発達栄養学33 必須栄養素から考える糖質の存在

三大栄養素は糖質、脂質、たんぱく質で、これらはエネルギー源となることから三大エネルギー源とも呼ばれています。糖質、脂質、たんぱく質の順で示されることが多いのは、早くエネルギー源として使われる順で並べられているからです。糖質は細胞で先にエネルギー代謝に使われますが、糖質のブドウ糖は脳の唯一のエネルギー源であることから糖質不足は脳の機能に直接的に影響してきます。
しかし、糖質制限によって健康を維持することを目的とした健康法では、「糖質は必須栄養素になっていない」という主張がなされています。必須栄養素は体内では合成されないために食事から摂る必要がある栄養素のことで、脂質を構成する脂肪酸で必須脂肪酸となっているのはリノール酸とα‐リノレン酸です。たんぱく質を構成するアミノ酸で必須アミノ酸となっているのはトリプトファン、リジン、メチオニン、フェニルアラニン、スレオニン、バリン、ロイシン、イソロイシンです。
必須脂肪酸、必須アミノ酸に対して、“必須ブドウ糖”という言葉は存在していません。体内でブドウ糖が不足すると乳糖、アミノ酸、ピルビン酸、プロピオン酸などの糖質以外の成分からブドウ糖を合成する糖新生が起こります。糖新生はブドウ糖からエネルギーが作られる経路の逆行で、この仕組みがあるからブドウ糖を摂取しなくてもよいという考えがされることがあります。しかし、糖新生は飢餓状態など身体の危機的状況に対応する仕組みであって、常に体内で起こってよいことではありません。全身の細胞のブドウ糖を用いたエネルギー代謝も低下するなどの悪影響も起こります。1日に必要なブドウ糖は150gとされていて、糖質では1日に必要320gは必要とされています。“必須ブドウ糖”という言葉が存在していないのは、もともと必須であって摂取しなければならないのが当たり前のことだからです。

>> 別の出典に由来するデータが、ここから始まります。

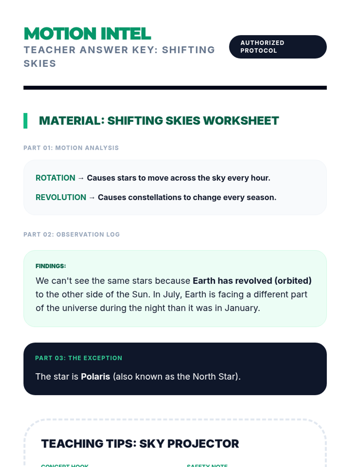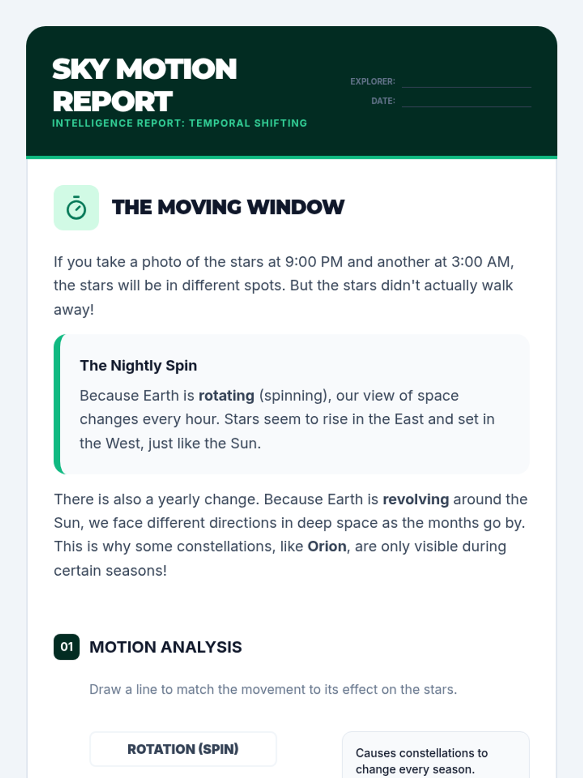A lesson exploring why the night sky appears to change throughout the night and across different seasons due to Earth's rotation and revolution.
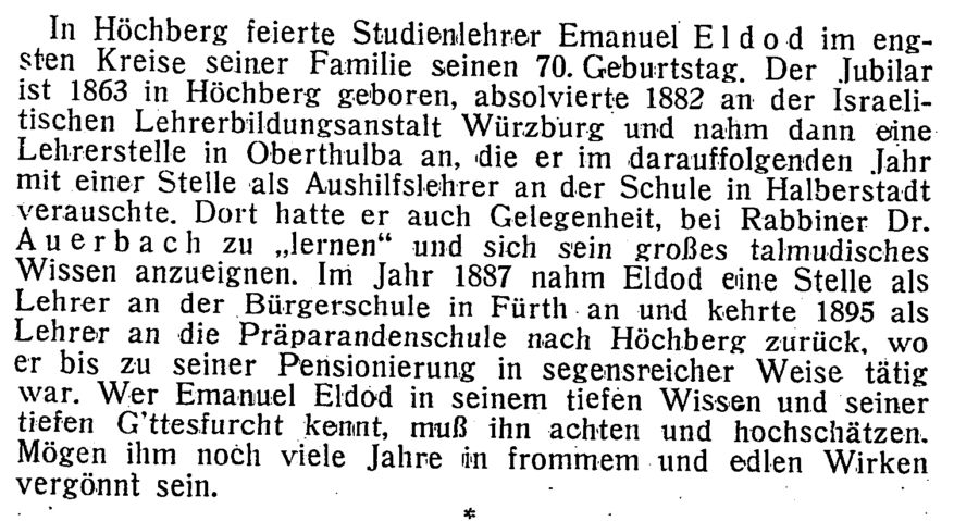 Giebelstadt); um 1892 Lehrer N. Eldod (er unterrichtete 1892 9
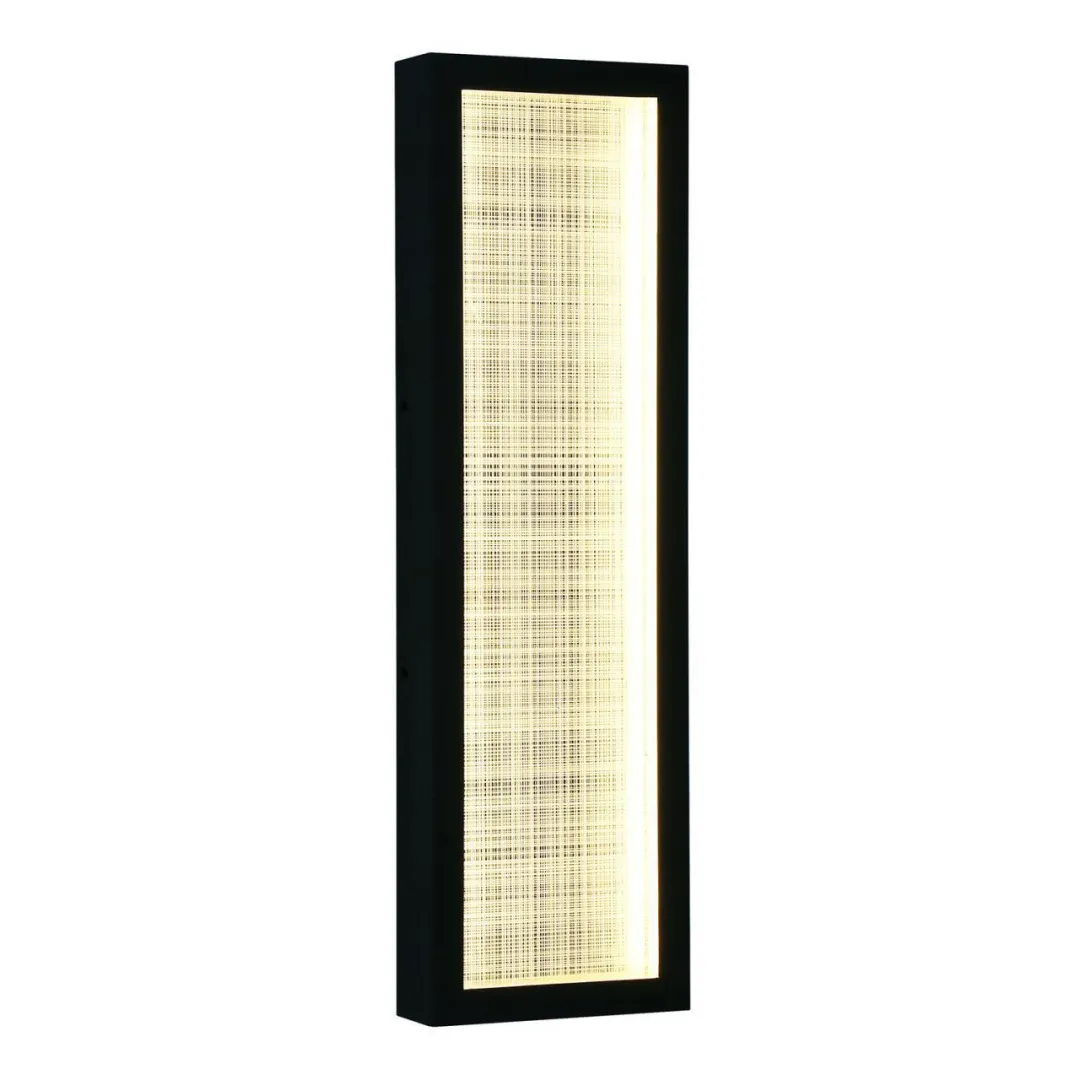 Каркас матового черного цвета, плафон украшен узором пересекающихся насечек, внутренний периметр каркаса освещен LEDлентой, P65.
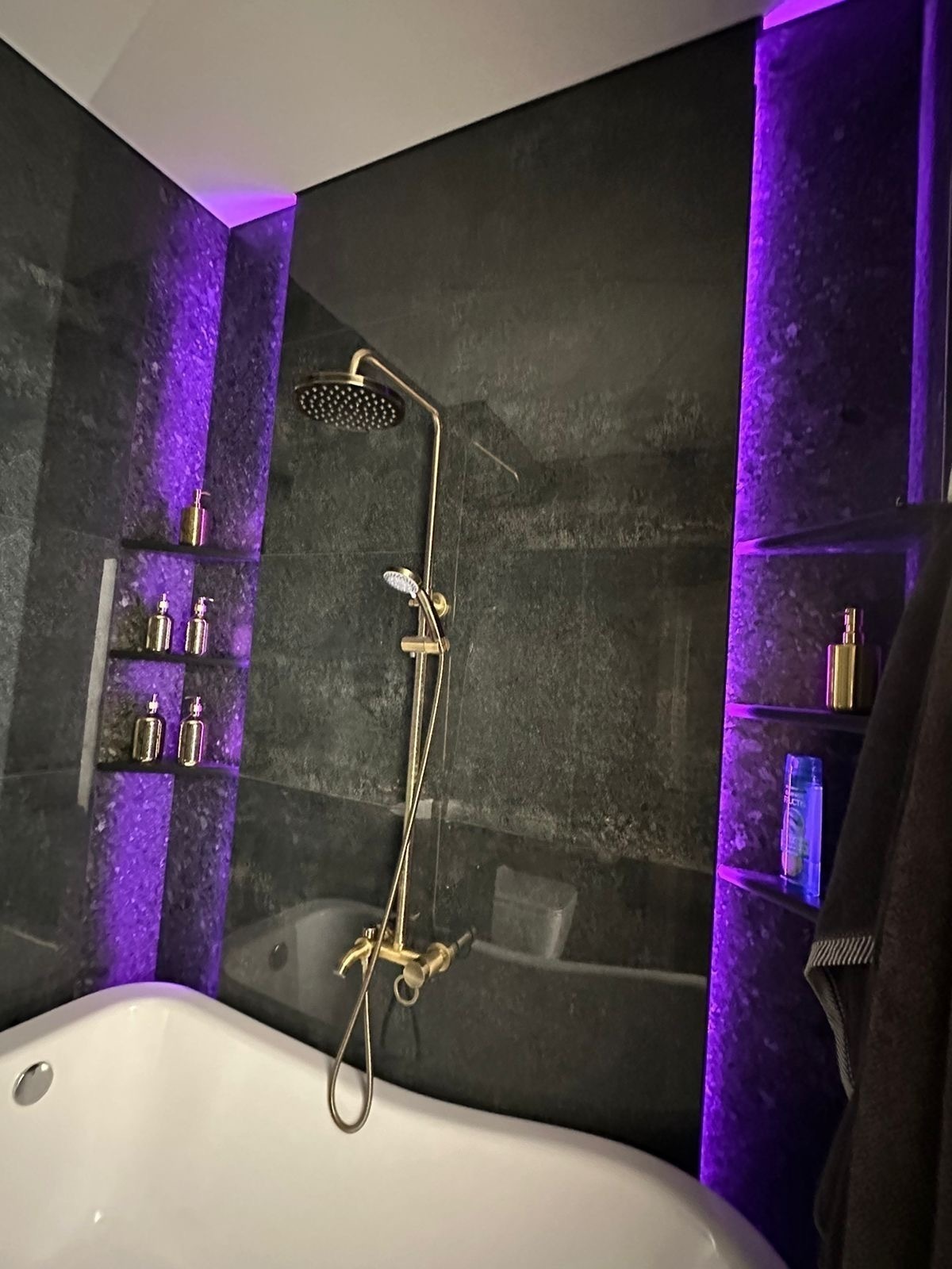Апартаменты укомплектованы всей необходимой техникой: кондиционер, посудомоечная машина, стиральная машина, микроволновая печь, плита холодильник, электрический чайник, 2 ТВ, бесплатный высокоскоростной интернет, Wi-fi, утюг, гладильная доска, сушилка для белья, мощный фен.

ちなみに必須ビタミンは、脂溶性ビタミンのビタミンA、ビタミンD、ビタミンE、ビタミンK、水溶性ビタミンのビタミンB群(ビタミンB₁、ビタミンB₂、ナイアシン、ビタミンB₆、葉酸、ビタミンB₁₂、ビオチン、パントテン酸)とビタミンCです。必須ミネラルはカルシウム、リン、カリウム、イオウ、塩素、ナトリウム、マグネシウム、鉄、亜鉛、銅、マンガン、クロム、ヨウ素、セレン、モリブデン、コバルトです。